Voice & Turn-Taking Settings

Voice & Turn-Taking Settings

These settings control how aggressively the agent detects user speech and decides when to respond.

Interruptions

  • allow_interruptions
    • Allows the user to interrupt the agent mid-speech.
  • min_interruption_duration
    • Minimum duration of detected user speech to count as an interruption.

Defaults:

  • allow_interruptions=True
  • min_interruption_duration=0.08

Turn-taking / endpointing

These parameters control Voice Activity Detection (VAD) and determine when the agent decides the user has finished speaking:

  • min_silence_duration - How long (in seconds) the user must be silent before the system considers they might be done speaking.
  • activation_threshold - Confidence level (0.0-1.0) required to detect speech. Higher values reduce false positives from background noise.
  • prefix_padding_duration - Amount of audio (in seconds) to capture before detected speech starts.
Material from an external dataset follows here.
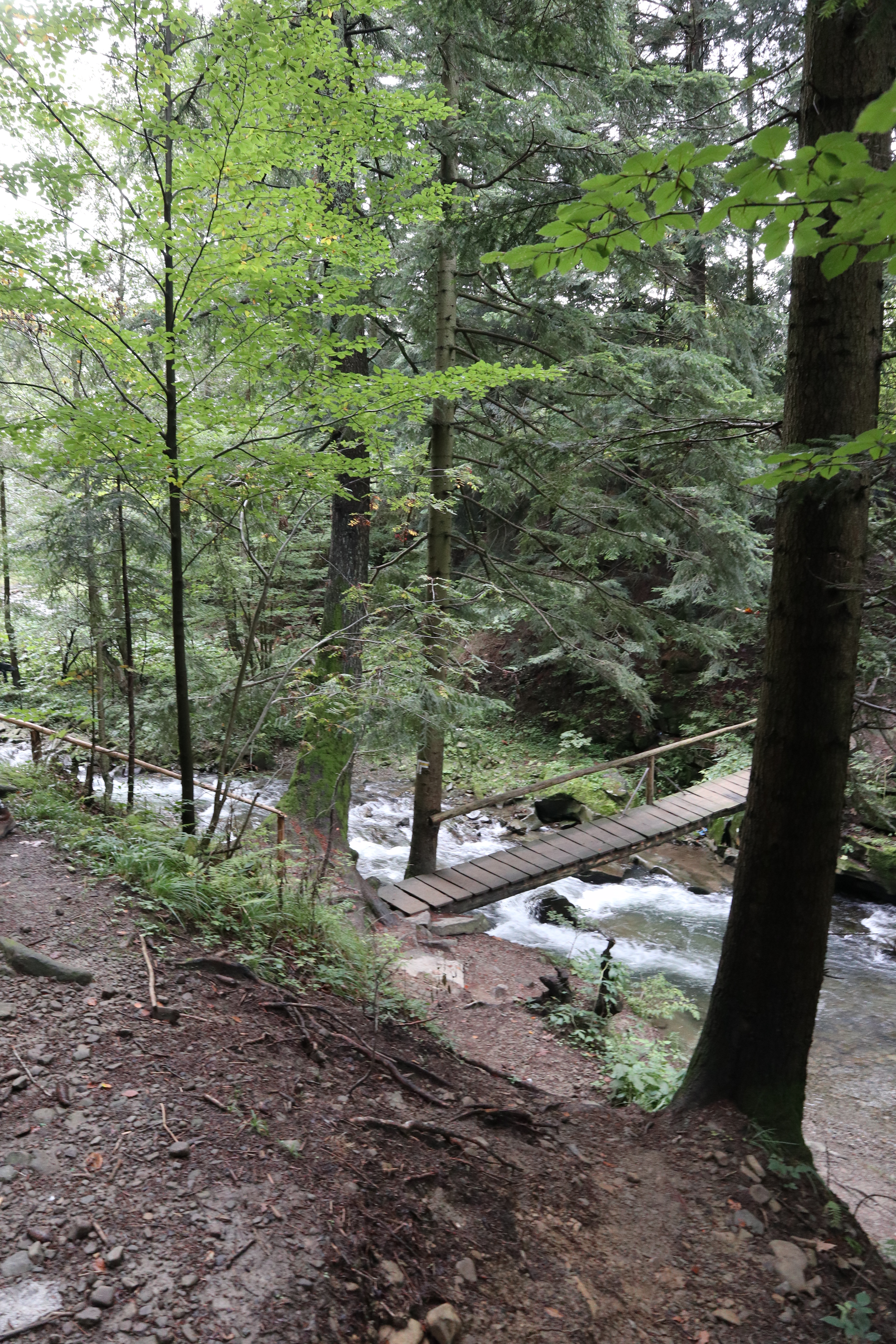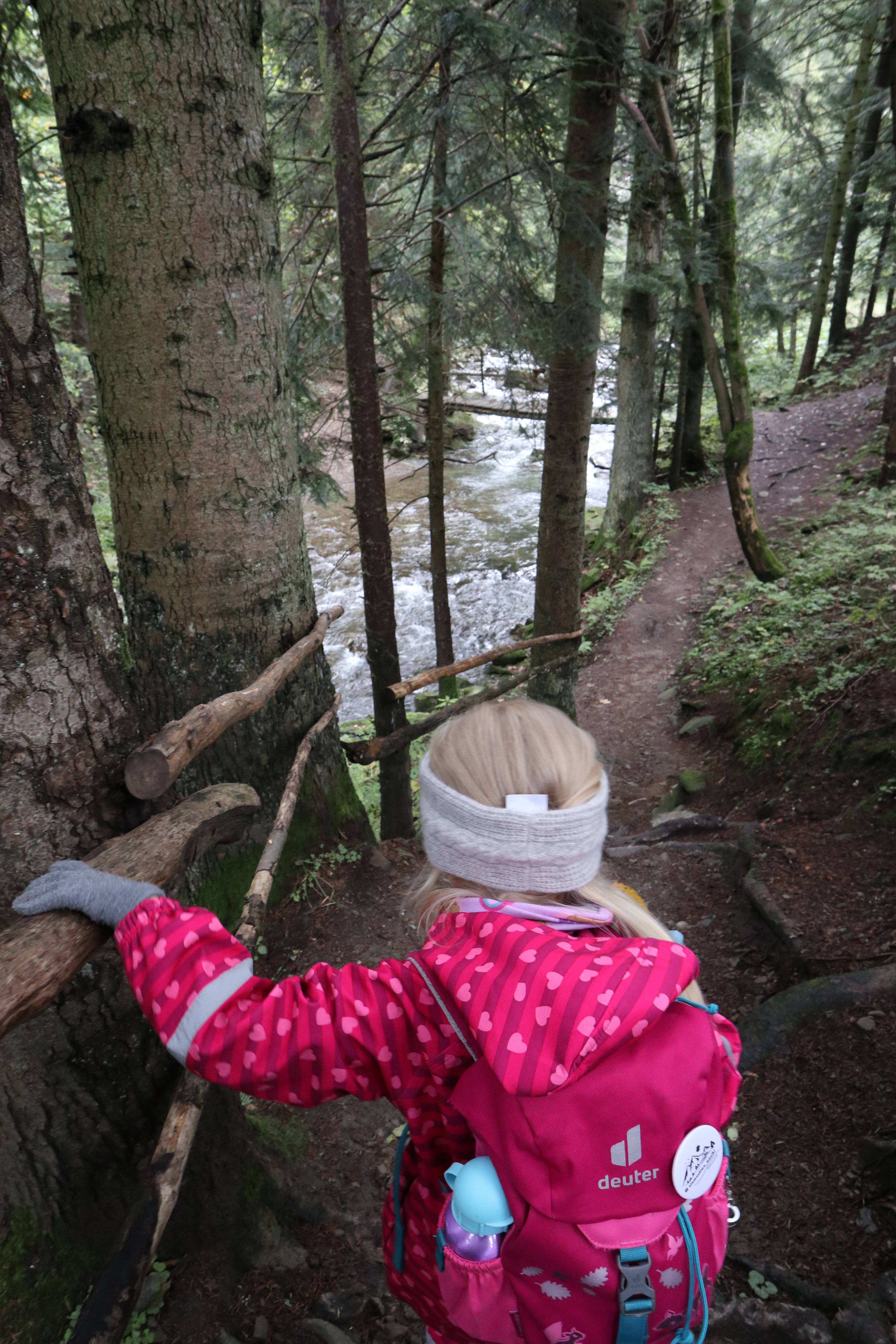Startowaliśmy z Zawoi, kierując się żółtym szlakiem w stronę Mosornego Gronia. Już na początku na dzieci czekała pierwsza atrakcja i wyzwanie jednocześnie – przejście przez rzeczkę Jaworzynkę po drewnianej kładce. Jak się okazało, dla najmłodszych to był prawdziwy punkt programu! Wąska kładka, zawieszona wysoko nad strumieniem, to dla najmłodszych nie lada wyzwanie.

Helps catch the beginning of words.
  • min_endpointing_delay - Minimum time (in seconds) to wait before ending the user's turn.
  • max_endpointing_delay - Maximum time (in seconds) to wait before forcefully ending the turn.

Defaults:

  • min_silence_duration=2.0
  • activation_threshold=0.4
  • prefix_padding_duration=0.5
  • min_endpointing_delay=0.45
  • max_endpointing_delay=3.0

These defaults are optimized to handle natural conversation pauses and prevent the agent from cutting off users who are thinking or formulating their thoughts.

Practical guidance

  • If the agent responds too quickly: Increase min_silence_duration or max_endpointing_delay.
  • If the agent cuts off users mid-thought: Increase min_endpointing_delay and max_endpointing_delay.
  • If users experience silence detection issues: Check if the stream is closing prematurely by increasing max_endpointing_delay to 4.0-5.0 seconds.
  • If the agent interrupts users too easily: Reduce allow_interruptions or increase min_interruption_duration.
  • If speech is missed at the beginning: Increase prefix_padding_duration.
  • For noisy environments: Increase activation_threshold to 0.65-0.7 to reduce false speech detection.
  • For users who speak slowly or thoughtfully: Increase both min_silence_duration (to 1.0-1.2) and max_endpointing_delay (to 4.0-5.0).